I started some apple cider using some mealy Granny Smith apples we weren't going to eat in a slow cooker yesterday. I removed the seeds and cores of 13 apples chopping them up small, and then added roughly 1/2 cup of dark brown sugar, 14ish clove buds, a bunch of shakes of ceylon cinnamon powder, and enough water to cover the apples. It cooked in the slow cooker on low for 10 hours. I mashed the apples as soon as they were mash-able to extract more of their juice. I strained it and then bottled it up for the week. I had some in place of a second cup of tea this morning. It was bland but nice nontheless.

I decided to hold off on starting another ferment for now. My partner is doing a lot of overtime at work lately and I'd rather spend the time with them. We were going to make a cake together yesterday, but ran out of time. I got a vegan/GF recipe from an instagrammer last year for a vegan/GF "Chocolate Cranberry Christmas Cake" to serve at the winter-holiday-time gathering we hosted for my partner's family (I might add a link if I ever find the post of their's). I never made it because I got distracted with preparing everything else. My partner's step-mom has celiac disease, my partner's sibling's girlfriend is vegan, and my partner's step-sister is allergic to nuts so we made sure everything was made with these criteria in mind. For this cake today, since it's just the two of us, I subbed in butter, milk, and white flour.

I used to be a "militant" vegan.

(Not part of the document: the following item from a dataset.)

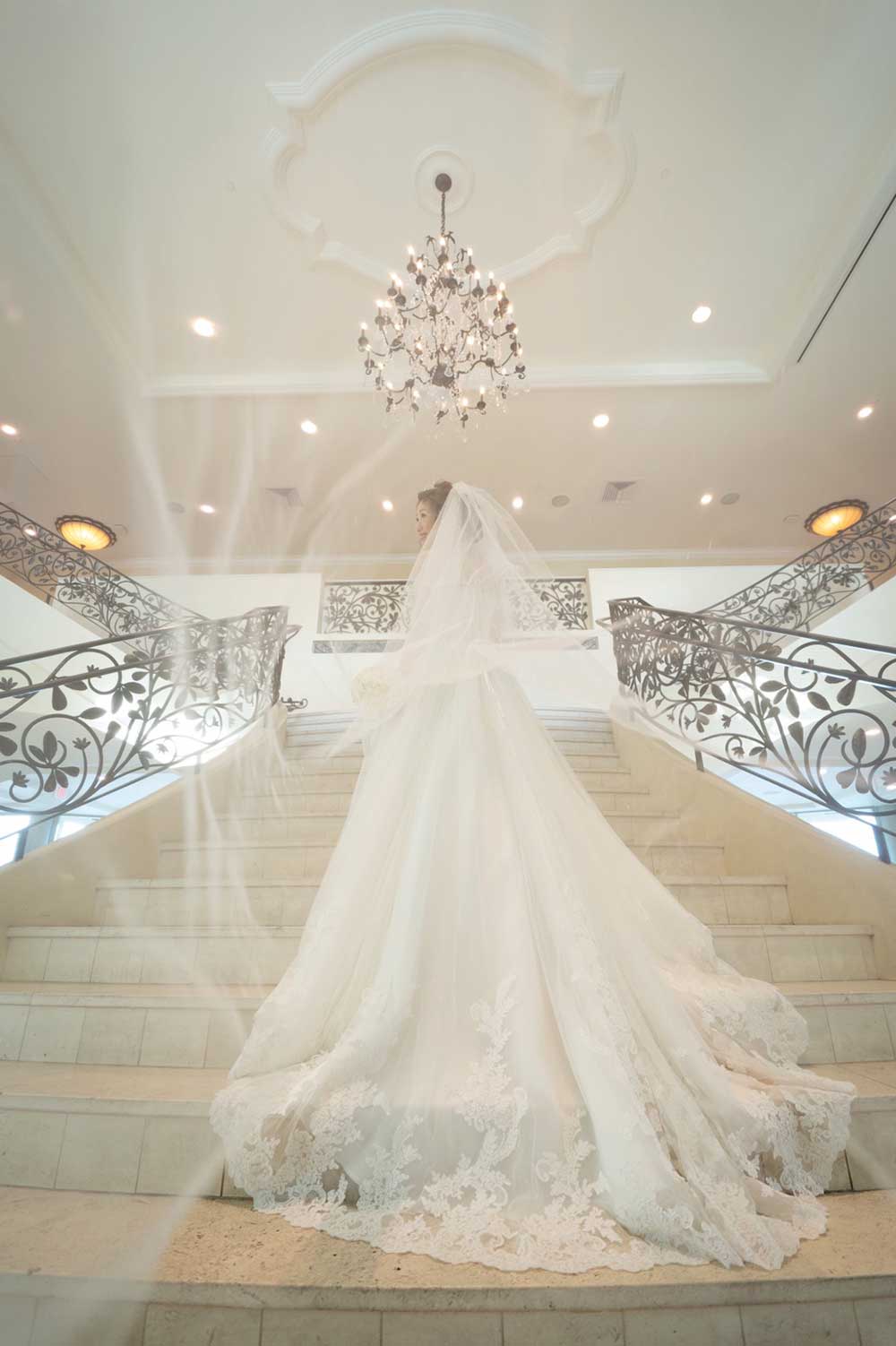 お二人が結婚式をされたのは、ワイキキから車で約10分の場所にある「ザ・テラス バイ・ザ・シー(The Terrace By The Sea)」。海・ダイヤモンドヘッド・街並みを一望できる最高のロケーションに佇む「カウイチャペル」は、天井高8mオーシャンビューを映す窓はなんと高さ7mという圧倒的な存在感。そのほか、写真映えが叶う大階段をはじめ、回廊にエントランス、花々が咲き誇るフラワーガーデンなど、充実の設備も魅力的。素晴らしいロケーションと最高の設備を備えた、海外ウェディングで人気の会場です。

I nearly died from entirely unrelated health complications five years ago, and in a moment of "weakness", I decided to try duck because I hadn't had it yet in my life and I was curious how mock duck stacked up against the bird--for some reason, knowing felt important to me. In my recovery phase, I ended up relying on consuming a lot of meat. I would like to return to being a vegetarian eventually, and I am making efforts to dig out vegetarian recipes and habits I used to rely on. My partner was a pescetarian when we met. Somehow we're here now, eating jerkies and chicken sandwiches. It all gets lost in the disruptions of moving to new places, working, trying to meet with friends/family, and carve out quiet times.

A dear friend I made recently has talked on social media about the ethical dilemmas around sourcing for vegan ingredients: all of the "fancy" alternatives, the fresh produce that aren't in-season in colder climates that get shipped halfway around the world, slave labor, inhumane working conditions. If one of the main tenets of modern veganism is to enact less harm in the world, aren't products packaged in un-recyclable plastic, products that travel thousands of miles, products that use slave/child/radically underpaid/unsafe practices labor, still harmful? I hear what my friend is saying, and I know that the fancy, rich way of being a vegan is not accessible to most folks and is actively harmful to so many other people, but it's possible (albeit difficult) to be poor and vegan if you have the benefit of choice on where your food is sourced. Beans and rice was the only meal I had seen one of my elderly, vegan co-workers at my last job consume, and it seemed to work for him and his lifestyle.

I get tighly wound up in these worries over personal ethical purity, and I have for a long time. It seems like it's a common problem for people. One of my partner's sisters has said that something that bothers her about veganism is that it feels like "a cop out", to quote her directly--that it is an attempt to remove oneself from the dilemma of having to consider how things suffer and die so that one can continue living. It's a system that we can't truly remove ourselves from as living organisms if we desire to continue living. On a microscopic level, we can't prevent our cells from destroying unwelcome interlopers in our bodies, on a human scale, we must eat other organisms or their by-products to keep our bodies alive.

I understood her argument, but I tried to talk about veganism as an attempt to reduce total harm in the world, rather than an absolute moral obligation. What she said still got to me, though, because I wanted veganism to be my moral solution so that I didn't have to think about any of it. I felt exposed. Personally, being vegan meant that I thought I didn't have to consider whether or not I believed I had a right to exist--with the implication that it was at the expense of others, whether or not I was willing to fight or kill to live. A lot of it stemmed from being a sheltered, sensitive, existentially cowardly person. I also feel like I understand animals better than I understand people, but that's an entirely different post.

I don't want to project my own reasons and experiences with veganism on other people--I respect people who ascribe to vegan diets and their choices regardless of their reasoning! I can't tell if I've lost my way or changed my mind, or if it's possible that it could both. In the meantime, my partner and I are doing our best to buy small and local whenever we get meat because we have the opportunity to do so. Today I'm making a stew with a lot of root vegetables, red wine, marjoram, sage, bay leaves, and a small parcel of beef for dinner.

I might edit this post later to include the ferment update. I have to start prepping dinner at the moment tho.

Thanks for stopping by! I hope you are having a good time wherever you are. See you again soon.